Given n nodes labeled 0..n-1 and a list of undirected edges, decide whether the resulting graph is a valid tree. A tree on n nodes has exactly n − 1 edges, is connected, and contains no cycle.

Quick test: if the number of edges is not n − 1, reject. Otherwise process edges with union-find — if union of two endpoints ever finds the same root, a cycle exists, so reject. Otherwise accept.

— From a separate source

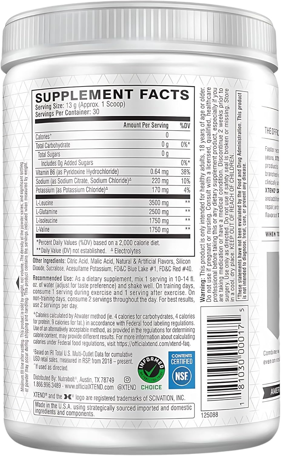 XTEND Original BCAA Powder Glacial Grape, ZERO CALORIE, ZERO CARB, ZERO SUGAR, Post Workout Muscle Recovery Drink with Amino Acids, 7g BCAAs for Men & Women, 30 Servings

Inputn = 5, edges = [[0,1],[0,2],[0,3],[1,4]]
Outputtrue

def valid_tree(n, edges):
    if len(edges) != n - 1:
        return False
    parent = list(range(n))
    def find(x):
        while parent[x] != x:
            parent[x] = parent[parent[x]]
            x = parent[x]
        return x
    for a, b in edges:
        ra, rb = find(a), find(b)
        if ra == rb:
            return False
        parent[ra] = rb
    return True
function validTree(n, edges) {
  if (edges.length !== n - 1) return false;
  const parent = Array.from({ length: n }, (_, i) => i);
  const find = (x) => { while (parent[x] !== x) { parent[x] = parent[parent[x]]; x = parent[x]; } return x; };
  for (const [a, b] of edges) {
    const ra = find(a), rb = find(b);
    if (ra === rb) return false;
    parent[ra] = rb;
  }
  return true;
}
class Solution {
    int[] parent;
    public boolean validTree(int n, int[][] edges) {
        if (edges.length != n - 1) return false;
        parent = new int[n];
        for (int i = 0; i < n; i++) parent[i] = i;
        for (int[] e : edges) {
            int ra = find(e[0]), rb = find(e[1]);
            if (ra == rb) return false;
            parent[ra] = rb;
        }
        return true;
    }
    int find(int x) {
        while (parent[x] != x) { parent[x] = parent[parent[x]]; x = parent[x]; }
        return x;
    }
}
bool validTree(int n, vector<vector<int>>& edges) {
    if ((int)edges.size() != n - 1) return false;
    vector<int> parent(n);
    iota(parent.begin(), parent.end(), 0);
    function<int(int)> find = [&](int x) {
        while (parent[x] != x) { parent[x] = parent[parent[x]]; x = parent[x]; }
        return x;
    };
    for (auto& e : edges) {
        int ra = find(e[0]), rb = find(e[1]);
        if (ra == rb) return false;
        parent[ra] = rb;
    }
    return true;
}
Time: O((n + e) · α(n)) Space: O(n)